Subversion of macrophage autophagy and inflammatory pathways by Coxiella burnetii

Abstract

Abstract Coxiella burnetii is the causative agent of human Q fever, a debilitating flu like illness that can progress to chronic disease presenting as endocarditis. After inhalation, C. burnetii is phagocytosed by alveolar macrophages and generates a lysosome-like replication niche known as the parasitophorous vacuole (PV). A type IV secretion system (T4SS) is required for generation of the PV and is one of the pathogen’s few known virulence factors. We previously showed that C. burnetii actively recruits autophagosomes to the PV using the T4SS, but does not alter macroautophagy. Interestingly, the cargo receptor p62 localizes to the PV in a T4SS-dependent manner and co-localizes with LC3. p62 and LC3 interact to select cargo for autophagy-mediated degradation, resulting in p62 degradation and LC3 recycling. In C. burnetii-infected macrophages, p62 is not degraded when cells are starved.
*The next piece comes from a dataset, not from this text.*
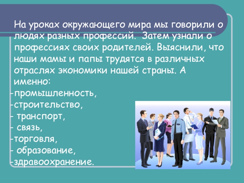 Слайд 7На уроках окружающего мира мы говорили о людях разных профессий. Затем
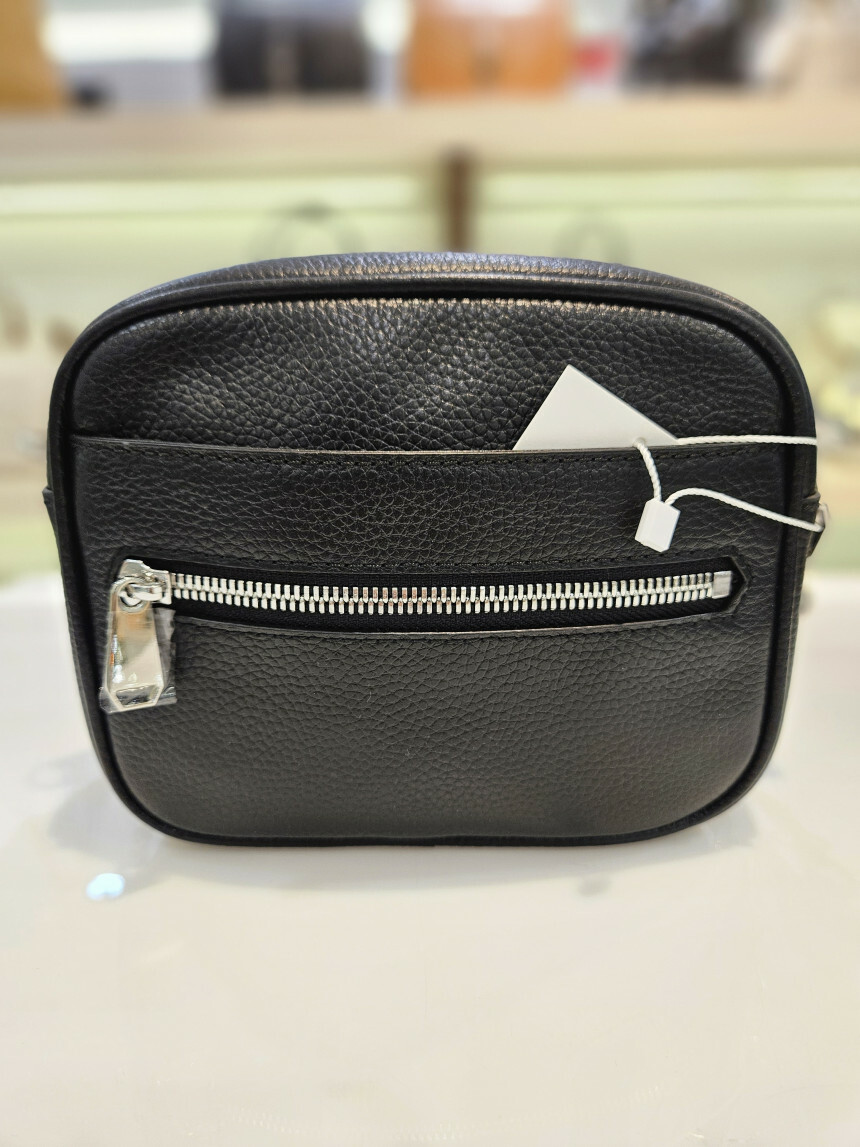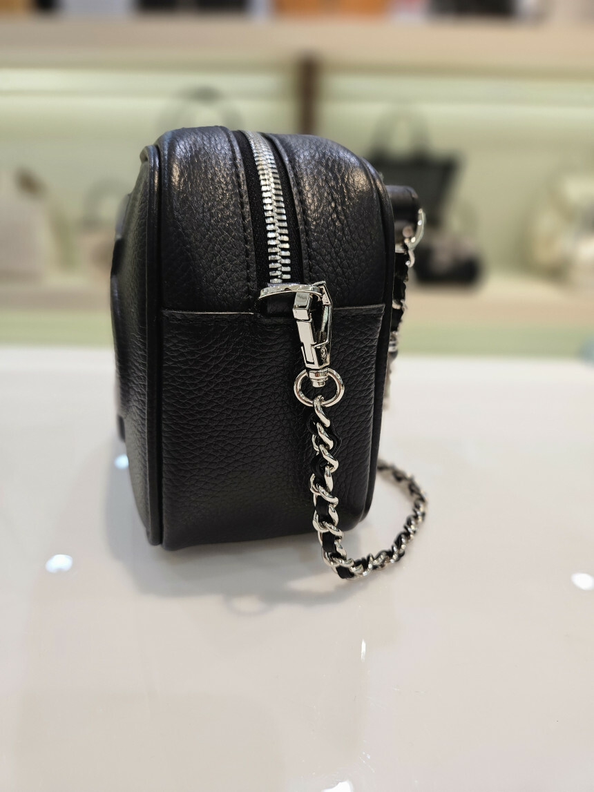 가죽 웨빙 처리된 체일 숄더 끈이 컴팩트한 사이즈의 크로스바디백에 포인트가되는 스탈일입니다

We hypothesized that stabilization of p62 was due to activation of the NRF2-KEAP1 pathway, a cytoprotective response to oxidative stress and xenobiotics. Indeed, the NRF2-KEAP1 pathway was activated during infection as evidenced by translocation of NRF2 to the nucleus. A downstream target of the NRF2-KEAP1 pathway is NF-kB, and the role of this inflammatory signaling cascade in C. burnetii pathogenesis is unclear. However, previous studies showed differences in inflammasome activation when macrophages were infected with avirulent or virulent C. burnetii isolates. Therefore, we assessed NF-kB activation in alveolar macrophages infected by avirulent or virulent C. burnetii. Collectively, our studies highlight important host cell signaling pathways exploited by C. burnetii and differences in the innate immune response to differing pathotypes.